* **PROBLEM STATEMENT**
An exact restatement is required. Cover only the lines of the records from the first through the line with "M M - E-ZDrill", and skip pictures.

:: SOURCE RECORDS ::

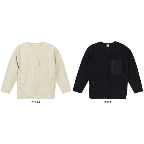 男女問わず肌寒い季節に大活躍 あらゆるシーンに寄りそうクルーネックタイプのフリース.やわらかな肌ざわりで保温性に優れており、カジュアルな装いからアウトドアアクティビティまで幅広いシーンで活躍するフリースシャツ.ベーシックなクルーネックタイプで首もとの仕様がすっきりとしており、インナーとしても使い勝手抜群.サイドポケットのパイピング仕様は手の出し入れのしやすさにもアプローチしています.サイズ感もざっくりとしており、今っぽい着こなしが可能.ナイロン素材のポケットへのプリント加工やフリース生地への刺繍加工など、オリジナルアイテム作りに欠かせないアイテムです!
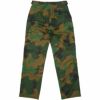 オランダ軍実物のコンバットパンツです。米軍のM-65パンツやフランス軍のM-47パンツに比べて細身で太すぎず細すぎないきれいなシルエットです。 やや薄手ですがハリのあるポリコットン素材でしっかりとした生地感です。ウエスト両サイドのマジックテープアジャスターの調節によりウエストの実寸は10cm程前後します。フロントはジッパー開閉。ポケットは両サイドの脇ポケットとカーゴポケット、右後ろ、右裾ナイフポケットの計6ヶ所です。
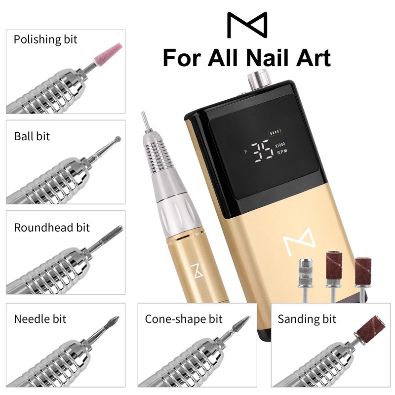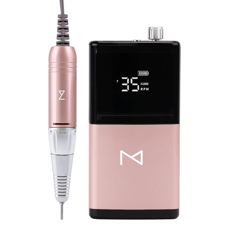M M - E-ZDrill Rechargeable Cordless Nail Drill, 35k RPM, Smart Speed & Battery LCD, Portable Lightweight, Forward/Reverse, Aluminum Metal, Acetone Resistant (Rose Gold)
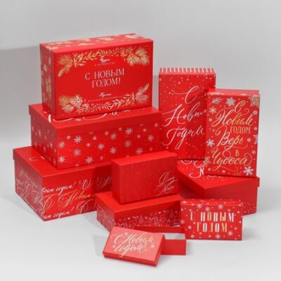 Набор подарочных коробок 10 в 1 «Время чудес», 12 х 7 х 4 — 32.5 х 20 х 12.5 см, Новый год. <ul> <li> 12 х 7 х 4 см</li> <li> 14 х 8.4 х 4.5 см</li> <li> 15 х 9.5 х 5.5 см</li> <li> 18 х 11 х 6.5 см</li> <li> 20 х 12.5 х 7.5 см</li> <li> 22 х 14 х 8.5 см</li> <li> 24 х 15.5 х 9.5 см</li> <li> 26 х 17 х 10 см</li> <li> 28 х 18.5 х 11.5 см</li> <li> 32.5 х 20 х 12.5 см</li> </ul>
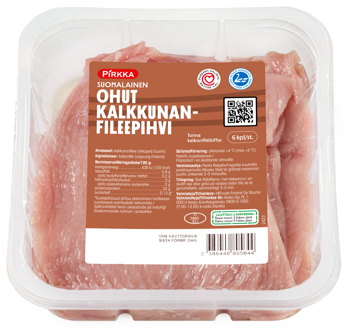 Suomalaisesta kalkkunanfileestä ohueksi leikattu maustamaton fileepihvi moneen käyttöön. Yksittäisen tuotteen keskimääräinen paino on 600 g.
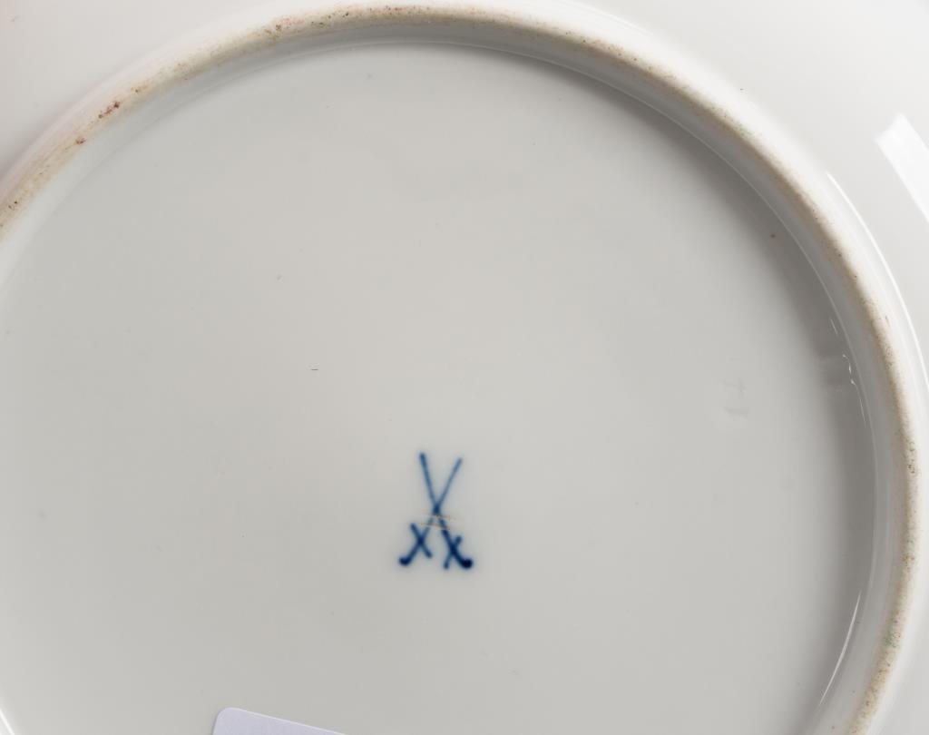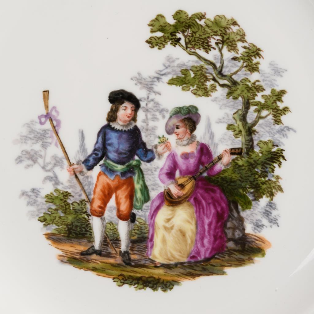 Speiseteller in der Form "Neuer Ausschnitt". Im Spiegel eine galante Szene, Goldspitzenbordüre. Fahne restauriert.
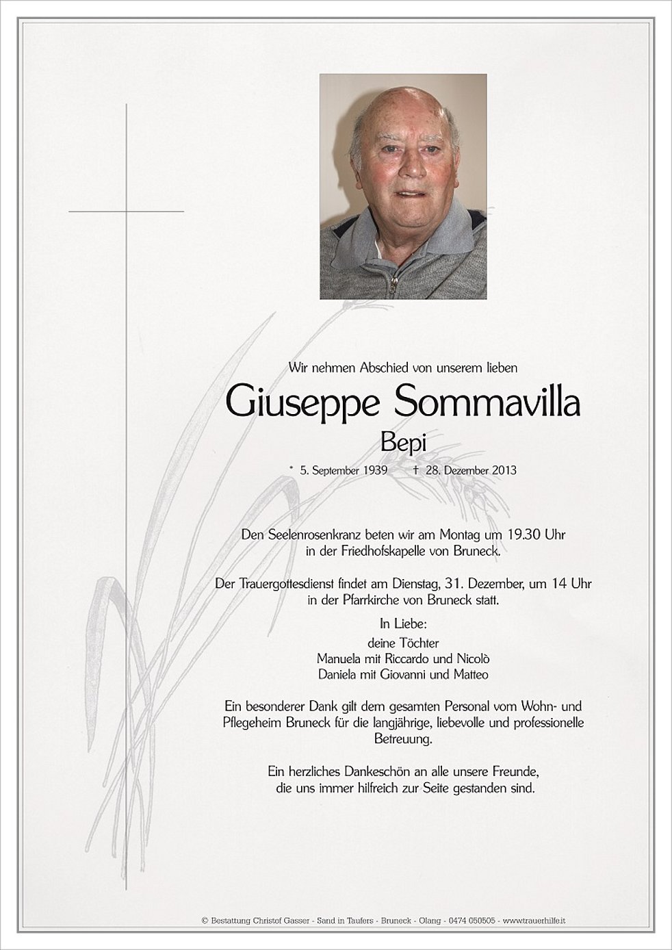 Ein besonderer Dank gilt dem gesamten Personal vom Wohn- und Pflegeheim Bruneck für die langjährige, liebevolle und professionelle Betreuung.
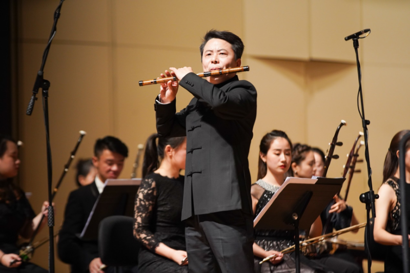 下半场的第一首作品《笙·临奇境》,由AC米兰中文官网青年作曲家李玥锦为笙与民族管弦乐队而创作。乐曲在融合多种音乐风格的同时,集中凸显了中国音乐的民族气质。在慢板乐章的开端,笙与阮进行了带有复调性的对话,管弦乐以点状织体装饰气氛,呈现出一种奇异变幻的质感。华彩部分的笙发挥了现代技法,从有控制的气息伸展过渡到连贯的吐音,最后随着定音鼓的滚奏进入,和乐队共同步入到从容而又繁盛的场面当中。王磊副教授的处理细腻且带感染力,一次又一次将现场听众领入音乐的“奇境”。
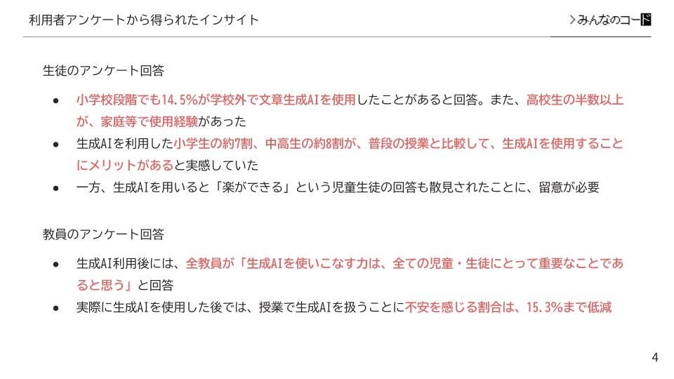 プロジェクトに参加した児童・生徒・教員のアンケート結果から、生成AIは児童・生徒の創造力を引き出し、学びの質を高める強力なツールであることを再認識しました。みんなのコードは、今後も「誰もがテクノロジーを創造的に楽しむ国にする」というビジョンに向けて、学校での生成AIの適切な取り組みが進むようサポートして参ります。
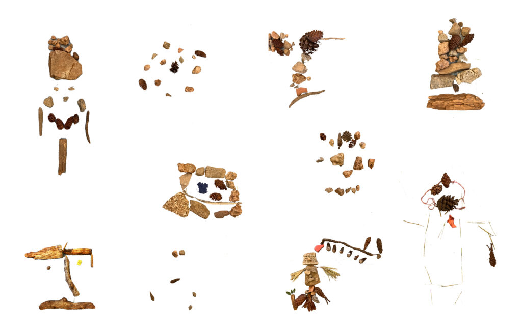 El Cristóbal, el Leo, la Rim i la Fiona han estat poca estona amb nosaltres, però ens han donat molta informació. Per agrair-ho, els regalarem una pila de retrats, dues col·leccions de dibuixos on hem recordat el procés i els materials: el guix, l’aigua, la cullereta per remenar, la sorra fina (Kinetica) i la col·lecció de les coses que vàrem recollir al bosquet.
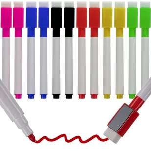 FLAMASTRY SUCHOŚCIERALNE 12szt / 6 KOLORÓW Flamastry, które doskonale sprawdzą się jako markery do tablicy magnetycznej. Niewątpliwą zaletą takiego rozwiązania jest fakt, że zapisane na tablicy notatki w łatwy sposób możemy usunąć za pomocą suchej ściereczki lub gąbki, która jest w zatyczce. 6 KOLORÓW – w zestawie jest 12 mazaków w 6 kolorach takich jak: niebieski, żółty, czerwony, czarny, różowy i zielony, każdego koloru jest po 2 sztuki. GĄBKA DO ŚCIERANIA + MAGNES – na końcu zatyczki znajduję się gąbeczka, dzięki której możesz ścierać na sucho pisaki z tablicy.
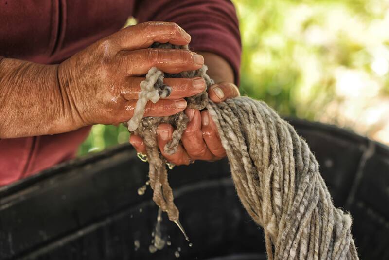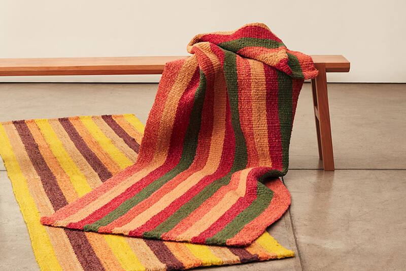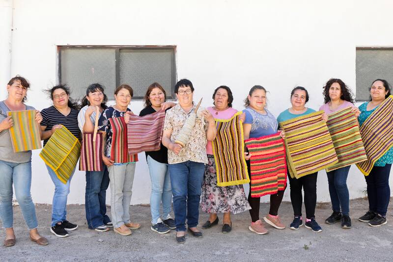 En Chapilca, Coquimbo, la textilería fue gatillada por la antigua práctica de trasladar los rebaños de un lugar a otro a cargo de crianceros que buscaban forraje para los animales. Así, podían sobrevivir a las largas y frías jornadas mientras las mujeres de la zona tejían los más finos ponchos y jergones, además de maletas o alforjas. Un oficio que sigue vivo gracias a artesanas que parten hilando el vellón aún sucio con sus manos o con ruecas. El resultado es un hilo grueso, firme, ideal para piezas que necesitan alta resistencia. Como lo tiñen todavía con impurezas, los colores tienen ciertas vetas, lo que le da una identidad única a cada creación. Después de hilar y teñir el vellón, lo lavan y limpian a mano, y una vez terminado el proceso, montan el telar de palo plantao’, que puede llegar a medir ocho metros de largo. Entonces, comienzan a dar vida a sus piezas. Montelar es el nombre de esta colección que fue desarrollada por Artesanías de Chile junto a la agrupación Tejedoras de Chapilca y la colaboración de la creadora de Acurruca Tejidos.

:::

* **TASK SOLUTION**
 男女問わず肌寒い季節に大活躍 あらゆるシーンに寄りそうクルーネックタイプのフリース.やわらかな肌ざわりで保温性に優れており、カジュアルな装いからアウトドアアクティビティまで幅広いシーンで活躍するフリースシャツ.ベーシックなクルーネックタイプで首もとの仕様がすっきりとしており、インナーとしても使い勝手抜群.サイドポケットのパイピング仕様は手の出し入れのしやすさにもアプローチしています.サイズ感もざっくりとしており、今っぽい着こなしが可能.ナイロン素材のポケットへのプリント加工やフリース生地への刺繍加工など、オリジナルアイテム作りに欠かせないアイテムです!
 オランダ軍実物のコンバットパンツです。米軍のM-65パンツやフランス軍のM-47パンツに比べて細身で太すぎず細すぎないきれいなシルエットです。 やや薄手ですがハリのあるポリコットン素材でしっかりとした生地感です。ウエスト両サイドのマジックテープアジャスターの調節によりウエストの実寸は10cm程前後します。フロントはジッパー開閉。ポケットは両サイドの脇ポケットとカーゴポケット、右後ろ、右裾ナイフポケットの計6ヶ所です。
M M - E-ZDrill Rechargeable Cordless Nail Drill, 35k RPM, Smart Speed & Battery LCD, Portable Lightweight, Forward/Reverse, Aluminum Metal, Acetone Resistant (Rose Gold)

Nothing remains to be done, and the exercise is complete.